Stanley Kubrick: Obviously, science-fiction and the supernatural bring you very quickly to the limits of knowledge and rational explanation. But from a dramatic point of view, you must ask yourself: 'If all of this were unquestionably true, how would it really happen?' You can't go much further than that. I like the regions of fantasy where reason is used primarily to undermine incredulity. Reason can take you to the border of these areas, but from there on you can be guided only by your imagination. I think we strain at the limits of reason and enjoy the temporary sense of freedom which we gain by such exercises of our imagination.

 

Michel Ciment: Don't you think that today it is in this sort of popular literature that you find strong archetypes, symbolic images which have vanished somehow from the more highbrow literary works?

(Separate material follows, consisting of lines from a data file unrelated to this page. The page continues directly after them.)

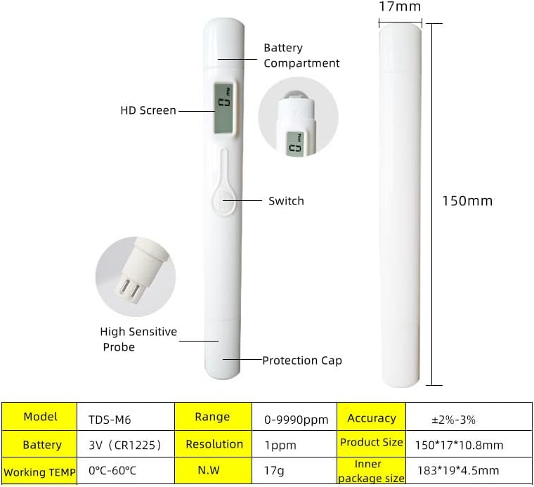 • Light and Portable:The digital water tester size is similar to the eyebrow pencil, and the weight is 26g;TDS meter equipped with energy-saving chips and automatic power-off function, it has a long battery life, allowing you to test your drinking water anytime, anywhere
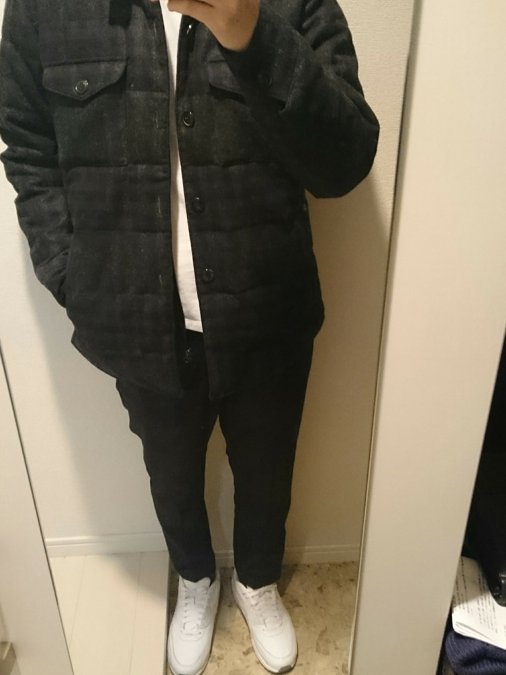 ダークトーンだとチェック柄も抵抗なく使えます 薄手のダウンでこの時期から使えます
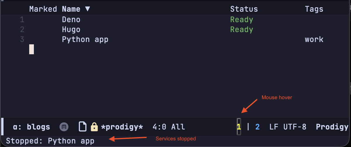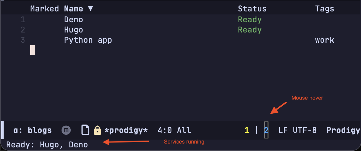 One thing missing in Prodigy is that it doesn’t show any modeline indicators. What I wanted was to be able to quickly find which services were running and which ones were stopped. This was going to be too much information to be displayed on the modeline, so I instead wanted just the number of services running vs stopped, and I wanted them to be color coded (green for running, blue for ready, yellow for stopped, etc.) And on hover, I wanted the respective service names to be displayed in the echo area.
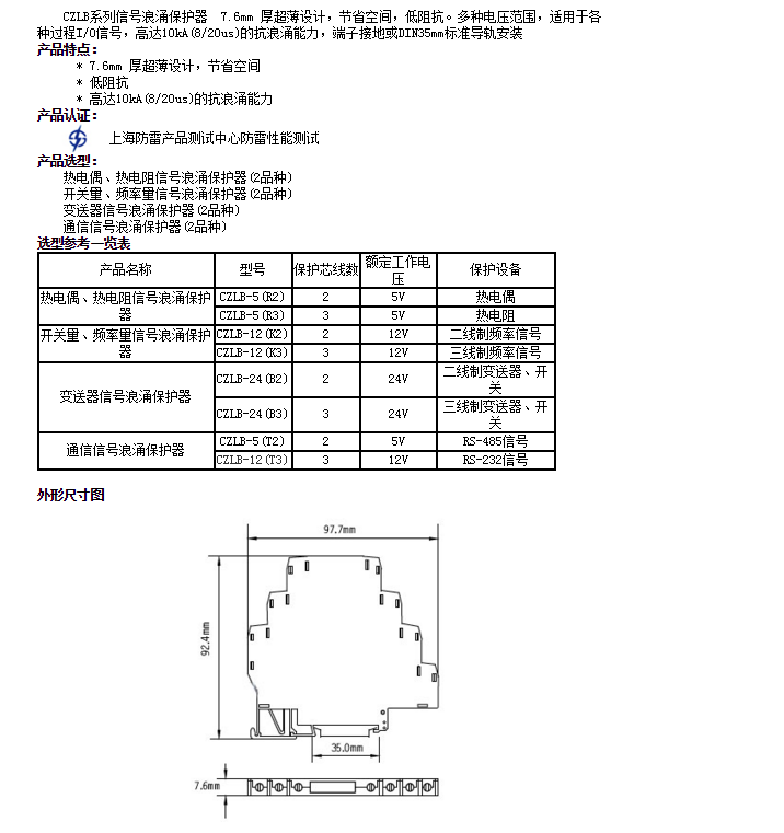 CZLB-5(R2),CZLB-5(R3),CZLB-12(K2),CZLB-12(K3),信號浪涌保護器

Stanley Kubrick: Yes, I do, and I think that it's part of their often phenomenal success. There is no doubt that a good story has always mattered, and the great novelists have generally built their work around strong plots. But I've never been able to decide whether the plot is just a way of keeping people's attention while you do everything else, or whether the plot is really more important than anything else, perhaps communicating with us on an unconscious level which affects us in the way that myths once did. I think, in some ways, the conventions of realistic fiction and drama may impose serious limitations on a story. For one thing, if you play by the rules and respect the preparation and pace required to establish realism, it takes a lot longer to make a point than it does, say, in fantasy. At the same time, it is possible that this very work that contributes to a story's realism may weaken its grip on the unconscious. Realism is probably the best way to dramatize argument and ideas. Fantasy may deal best with themes which lie primarily in the unconscious. I think the unconscious appeal of a ghost story, for instance, lies in its promise of immortality. If you can be frightened by a ghost story, then you must accept the possibility that supernatural beings exist. If they do, then there is more than just oblivion waiting beyond the grave. 

 

And to finish, I can't the source at the moment (I think it was in "A Life in Pictures"), but it is like Jack Nicholson said of Kubrick "then someone like Stanley comes along and asks: it's realistic, but is it interesting?".

A dystopia provides a background, a framework that allows a highly catalytic environment for dramatizing ideas that cannot be done by means of regular small stakes interpersonal conflict. Even Plato knew this with regards to pedagogy: hence why his Socrates suggested like the way you use big handwriting to make a manuscript more visible, he expanded the vision of justice in one single person to the entire polis.